This Australian State Scraps Taxes on Electric Vehicles
The government said the state will invest A$171 million in infrastructure for charging EVs.
Last year, only 0.7% of battery-powered models were sold out of Australia’s total vehicle sales.
Australia’s largest state economy will waive levies on electric vehicles and will offer other incentives, which add up to as much as A$490 million ($366.5 million), in an effort to increase the size of the EV market to half of all new sales within a decade.
The package includes a A$3,000 rebate for the first 25,000 new electric vehicles sold, with a A$68,000 ceiling, and scrapped stamp duty for those cost less than A$78,000.
The state will invest A$171 million in infrastructure for charging EVs, the government said on Sunday.
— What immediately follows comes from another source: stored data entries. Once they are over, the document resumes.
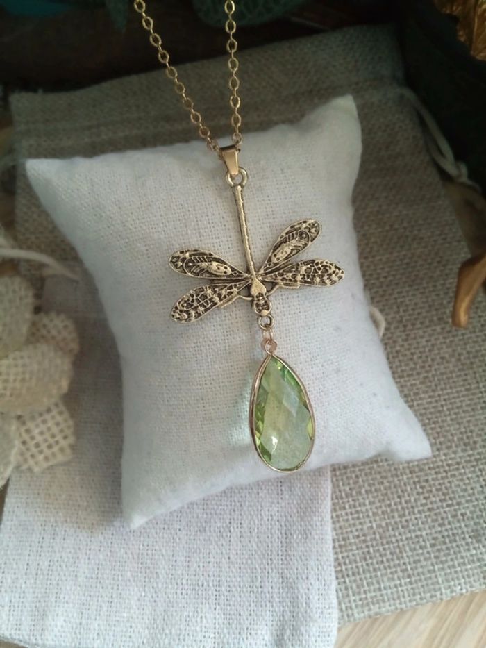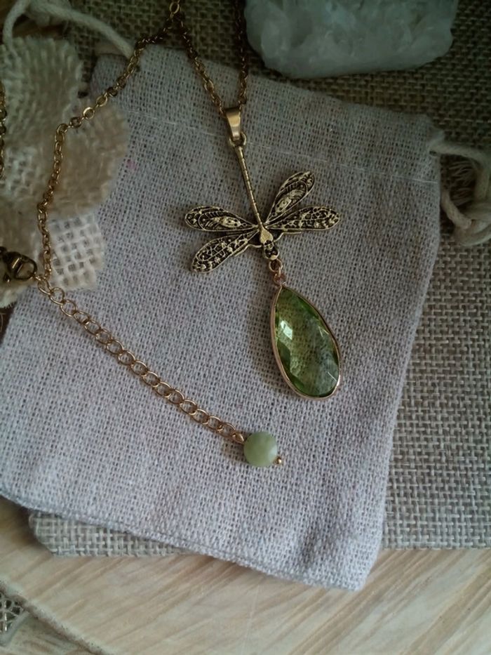 Collier bohème libellule et goutte en verre - photo numéro 1
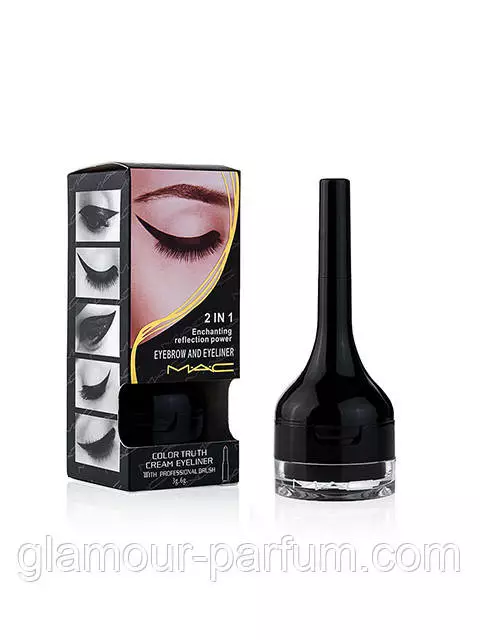 Рідкий гелевий засіб M.A.C "Color Truth Cream Eyeliner" Добре, що за його допомогою можна провести чітку лінію будь - якої товщини. Лайнер висихає за лічені секунди, тому можна не побоюватися, що засіб розмежовується при неаккуратному русі. Продукт містить яскраві пігменти, тому на повіках стрілки будуть дуже інтенсивними.
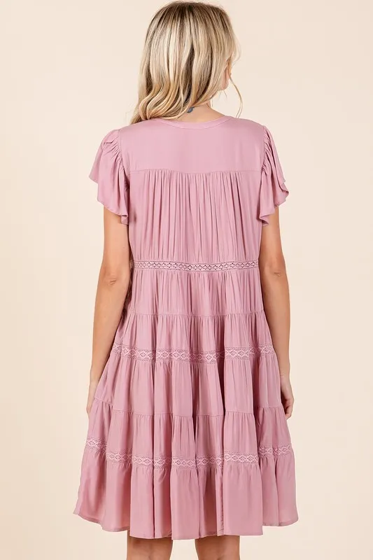 Mittoshop Lace Detail Ruffled Button Down Tiered Dress
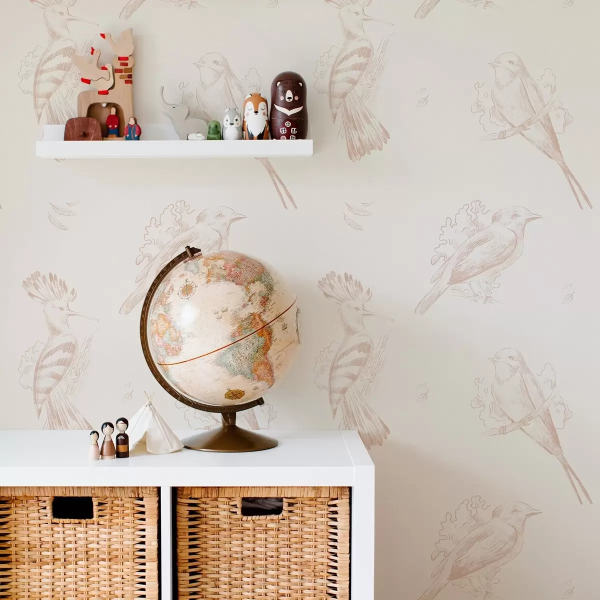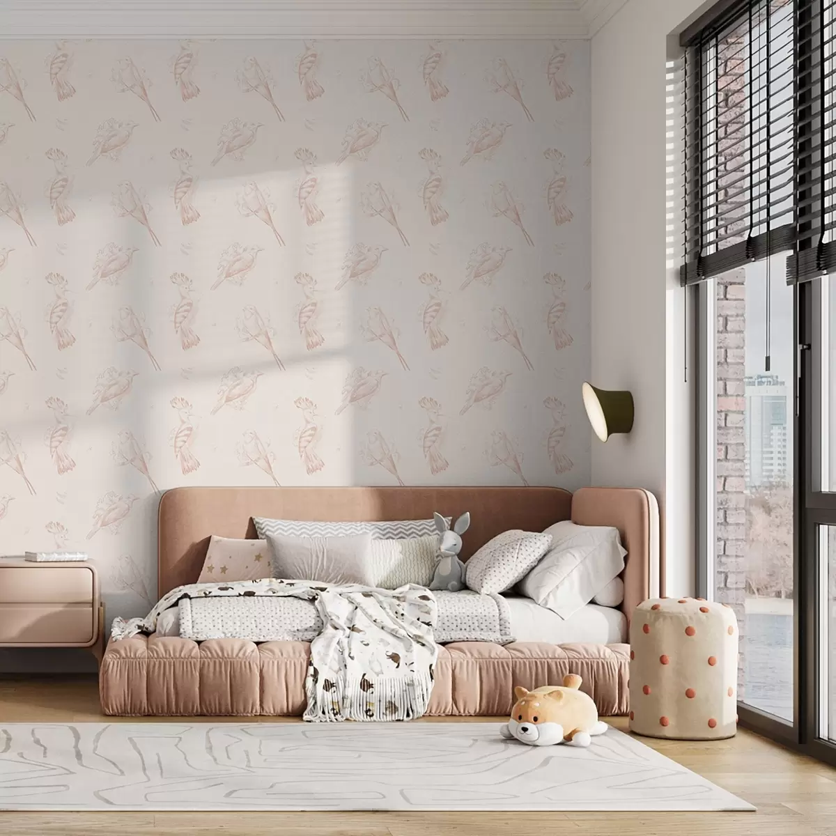 Papel tapiz Toile de pájaros: bocetos de pájaros sobre fondo color melocotón-crema. Nr. a00656v2
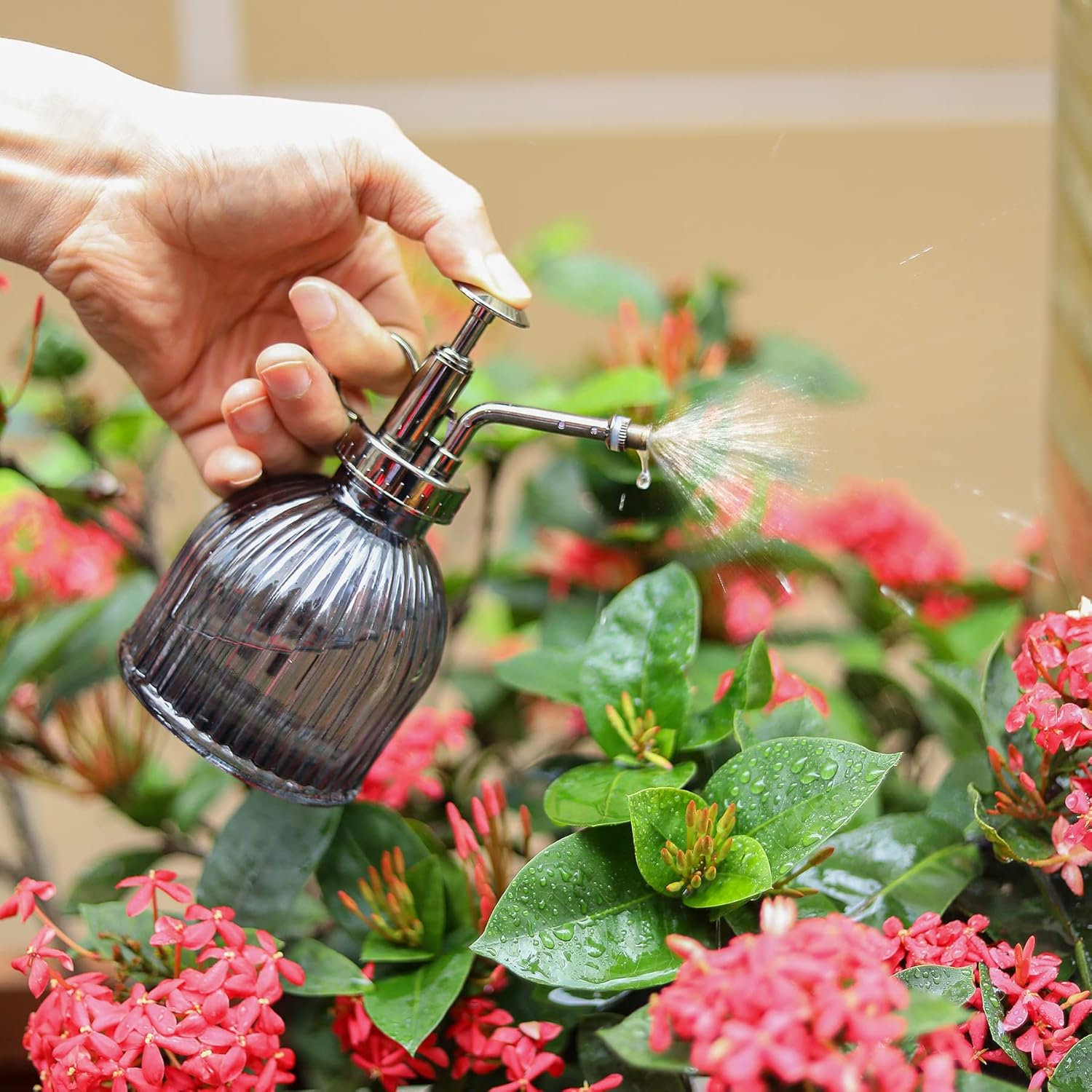 - 🌱【Versatile Use】- This vintage style plant spritzer mister bottle can be used as kitchen cleaner spray, window cleaner spray, pet cooling spray, barber spray, travel accessories, office decor and balcony decor. These glass water bottles are perfect garden tools.
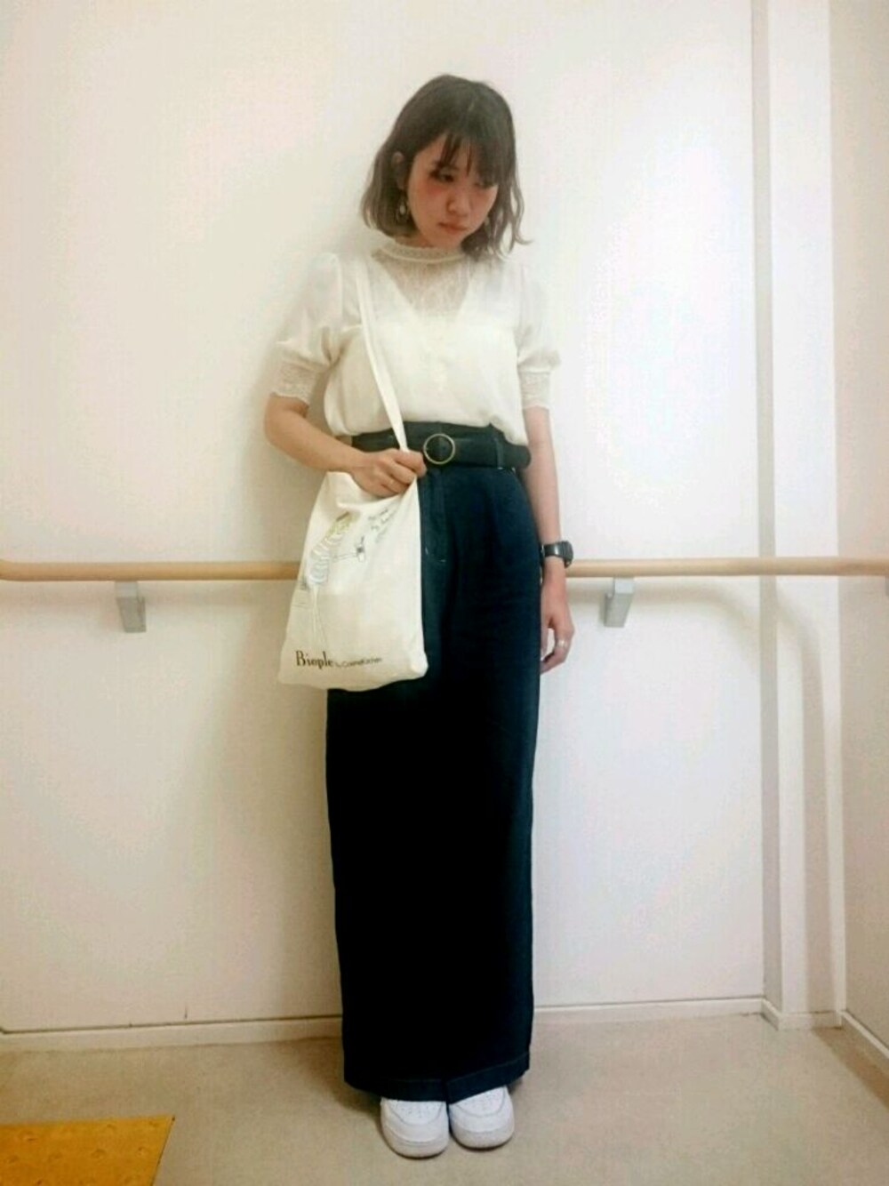 ♡モモセエリナ♡のパンツ「ベルト付きワイドデニムパンツ」を使ったコーディネート

To compensate for the loss of fuel excise revenue, electric car owners will face a road-user charge of 2.5 Australian cents a kilometer (1.55 Australian cents per mile) by 2027, or once EVs make up 30% of new sales, according to the framework released ahead of the state budget this week.
The state’s plan is the most aggressive yet in a country renowned for its isolated highways and culture of car-loving, and where even tractors outsell EVs two to one.
Battery-powered models made up just 0.7% of Australia’s total vehicle sales last year, ranking the nation among the worst in the Group of 20 for progress in de-carbonizing its roads, according to BloombergNEF.
“As the world’s right-hand drive market moves to manufacturing electric vehicles, we have to make sure we have the policies in place to give industry the green light to increase model availability and cut entry price points,” state Minister for Transport and Roads Andrew Constance was quoted as saying in the announcement.
Energy and Environment Minister Matthew Kean said with new cars averaging 15 years on the road, the majority of them sold in the state will need to be electric or hydrogen powered by 2035 to meet net zero emissions targets by 2050. Industry participants and interest groups embraced the plan.
“Many Australian governments have announced EV ‘plans,’ sometimes even ‘plans to have a plan’, but New South Wales is the first state to step up and deliver real action.”
Behyad Jafari, chief executive officer of the Electric Vehicle Council, said in a statement. The Sydney-based council has pushed for government subsidies akin to those in the U.K. and Europe to support EV automakers.
The model will “drive Australia out of the automotive third world,” Volkswagen Group Australia managing director Michael Bartsch said in a separate statement.
Under Australian import duties, buyers of many European car models face a luxury vehicles tax, and Bartsch claimed the group has been “disadvantaged by being the only top 10 selling brand in Australia that remains subject to a tariff designed to protect local manufacturing that ceased in 2017.”